Abstract 15260: Prodromal Symptoms for Acute Coronary Syndrome in Men and Women
Introduction: Prodromal symptoms occur prior to acute coronary syndrome (ACS) and may provide an opportunity for early intervention. We determined the frequency of prodromal symptoms, treatment seeking behaviour for such symptoms and association of treatment seeking with ACS type (STEMI, NSTEMI or unstable angina), coronary stenosis and mortality risk score (GRACE).

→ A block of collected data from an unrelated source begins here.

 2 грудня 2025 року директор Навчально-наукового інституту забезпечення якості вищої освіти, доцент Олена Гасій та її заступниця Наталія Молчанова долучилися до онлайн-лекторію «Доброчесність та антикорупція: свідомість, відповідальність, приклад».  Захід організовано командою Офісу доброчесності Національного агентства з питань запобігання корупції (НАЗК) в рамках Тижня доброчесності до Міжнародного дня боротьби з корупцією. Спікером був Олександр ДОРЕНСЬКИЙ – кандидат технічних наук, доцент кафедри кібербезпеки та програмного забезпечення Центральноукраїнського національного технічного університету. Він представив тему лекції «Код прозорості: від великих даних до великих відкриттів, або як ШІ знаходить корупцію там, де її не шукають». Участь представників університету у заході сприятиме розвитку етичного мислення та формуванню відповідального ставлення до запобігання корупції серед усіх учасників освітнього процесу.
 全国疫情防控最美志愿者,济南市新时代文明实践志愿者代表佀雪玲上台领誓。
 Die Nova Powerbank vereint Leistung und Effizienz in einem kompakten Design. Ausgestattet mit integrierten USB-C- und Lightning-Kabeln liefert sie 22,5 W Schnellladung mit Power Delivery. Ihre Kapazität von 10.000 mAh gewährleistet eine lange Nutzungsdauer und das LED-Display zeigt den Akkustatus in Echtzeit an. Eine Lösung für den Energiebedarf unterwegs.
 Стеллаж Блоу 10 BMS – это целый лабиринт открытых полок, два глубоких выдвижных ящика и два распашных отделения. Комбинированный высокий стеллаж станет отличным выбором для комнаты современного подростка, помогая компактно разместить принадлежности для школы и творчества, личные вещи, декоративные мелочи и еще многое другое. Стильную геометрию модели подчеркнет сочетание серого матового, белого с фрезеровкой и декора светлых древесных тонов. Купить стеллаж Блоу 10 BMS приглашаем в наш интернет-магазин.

Methods: A prospective cohort study of 1096 patients (30% women) aged ≤55 years, hospitalized for ACS in the GENESIS PRAXY (GENdEr and Sex DetermInantS of Cardiovascular Disease: From Bench to Beyond Premature Acute Coronary SYndrome) study (Jan/09-Sept/12). The validated McSweeney Acute and Prodromal Myocardial Infarction Symptom Survey was used during hospitalization to assess the presence and intensity of 33 prodromal symptoms prior to ACS symptom onset. Prodromal symptoms were defined as at least moderate intensity and occurring ≥ 1 time/week. Patients completed questionnaires on treatment seeking. ACS type, coronary stenosis and GRACE scores were obtained from chart review and angiographic data (conducted in 90%).

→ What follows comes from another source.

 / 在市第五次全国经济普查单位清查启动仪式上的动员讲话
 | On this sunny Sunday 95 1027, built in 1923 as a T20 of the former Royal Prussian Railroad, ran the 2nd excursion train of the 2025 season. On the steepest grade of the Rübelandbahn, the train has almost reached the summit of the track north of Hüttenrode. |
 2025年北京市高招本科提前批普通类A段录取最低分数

Results: The median age of women and men was 49 years, 51% of women and 63% of men had STEMI. Women reported prodromal symptoms more often than men (85% vs. 73%, p<0.001). Symptoms were similar for both sexes, and most commonly included tiredness, sleepiness, anxiety, arm weakness or arm pain. Prodromal chest pain was reported in 23% of patients. Women and men sought medical care for their prodromal symptoms (49% vs. 42%, p=0.05) and most (91%) received testing, medication changes, or referral to a specialist and/or hospital with that care. Men who sought care were less likely to present with STEMI (50% vs. 68%, p<0.0001) compared with men who did not seek care. Women who sought care presented less often with STEMI or NSTEMI than unstable angina (84% vs. 94%, p=0.006). There were no differences in coronary stenosis or GRACE mortality score.

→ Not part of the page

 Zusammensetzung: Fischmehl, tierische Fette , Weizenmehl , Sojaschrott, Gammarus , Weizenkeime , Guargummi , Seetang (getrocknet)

Conclusion: While prodromal symptoms occurred frequently in young men and women, less than half sought medical care for these symptoms. Having sought care was associated with less severe ACS types at presentation. Public awareness of prodromal symptoms may provide an opportunity to identify patients at risk for impending ACS.
- © 2013 by American Heart Association, Inc.